Production deployments should provide those variables through the hosting platform or secret store. Development files such as secrets/development.env are examples, not production configuration.

Unpack assets when needed

Most deployments can serve assets from the Go binary. If a platform needs static files beside the app, use the asset registry:

if err := appinit.App().Assets.Unpack(
    "public",
    lazyassets.WithUnpackMode(lazyassets.UnpackPermanent),
); err != nil {
    log.Fatal(err)
}

UnpackBoth writes logical and permanent paths. UnpackLogical writes only logical paths.

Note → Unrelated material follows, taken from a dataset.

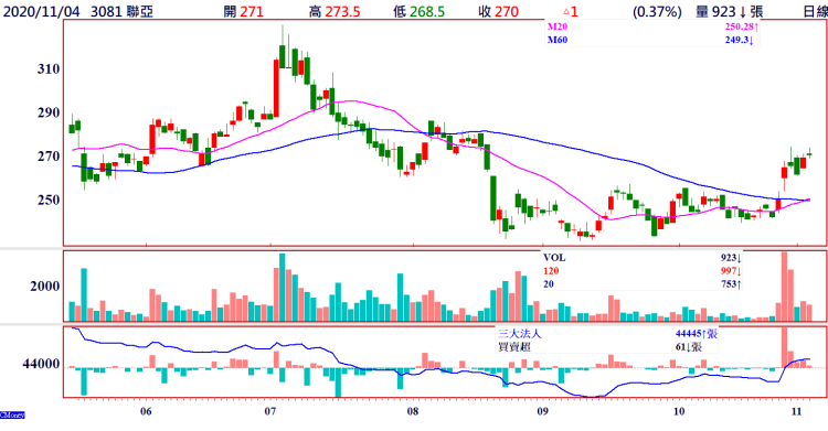 圖/聯亞(3081) 拉回量縮低進

UnpackPermanent writes only content-hashed permanent paths.

Upload assets to object storage

For deployments that serve assets from object storage or a filer-backed ingress, upload the registered assets from the built app:

storage := s3.New(
    s3.WithEndpoint(os.Getenv("ASSETS_S3_ENDPOINT")),
    s3.WithBucket(os.Getenv("ASSETS_S3_BUCKET")),
    s3.WithCredentials(
        os.Getenv("ASSETS_S3_ACCESS_KEY_ID"),
        os.Getenv("ASSETS_S3_SECRET_ACCESS_KEY"),
    ),
    s3.WithPublicBaseURL(os.Getenv("ASSETS_PUBLIC_URL")),
)

if err := appinit.App().Assets.Upload(
    context.Background(),
    storage,
    lazyassets.WithUploadMode(lazyassets.UnpackPermanent),
); err != nil {
    log.Fatal(err)
}

Run this from the built binary or container image before starting the HTTP server so the exported hashed files match the embedded application assets.

Apps that already use lazyapp.Config.Migrations can instead opt in to golazy.dev/lazyassets/assetmigrate and run the upload through LAZYAPP_MIGRATE=up or LAZYAPP_MIGRATE=auto. The asset migration uses the app build version, asset manifest hash, and upload options as its migration identity, stores lease and done markers under .migrations/, and uses conditional object-store writes so one replica uploads while the others observe or wait. Bucket creation remains an app or deployment task; the migration backend only uploads the registered assets.

Smoke test the deployment

After starting the deployed process, request the app and one public asset:

curl -i http://127.0.0.1:8080/
curl -i http://127.0.0.1:8080/styles.css
curl -i http://127.0.0.1:9090/livez
curl -i http://127.0.0.1:9090/readyz

Check that the app route returns HTML and the asset response includes cache headers and an ETag. If CONTROL_PLANE_ADDR is not set, production builds do not expose /livez or /readyz on the public app listener.

Build the sample container

The generated full app includes a Dockerfile for single-binary container deployments. Refresh generated assets first, then build and run the image:

lazy tailwind
lazy js
docker build -t sample-app .
docker run --rm -p 127.0.0.1:3000:3000 sample-app

The container listens on 0.0.0.0:3000 through ADDR. Provide production secrets such as SECURE_COOKIE_KEY through the container environment.

Keep platform concerns outside GoLazy

GoLazy leaves TLS termination, process supervision, log shipping, service discovery, and platform routing to the deployment environment. The application binary should stay a normal Go HTTP process.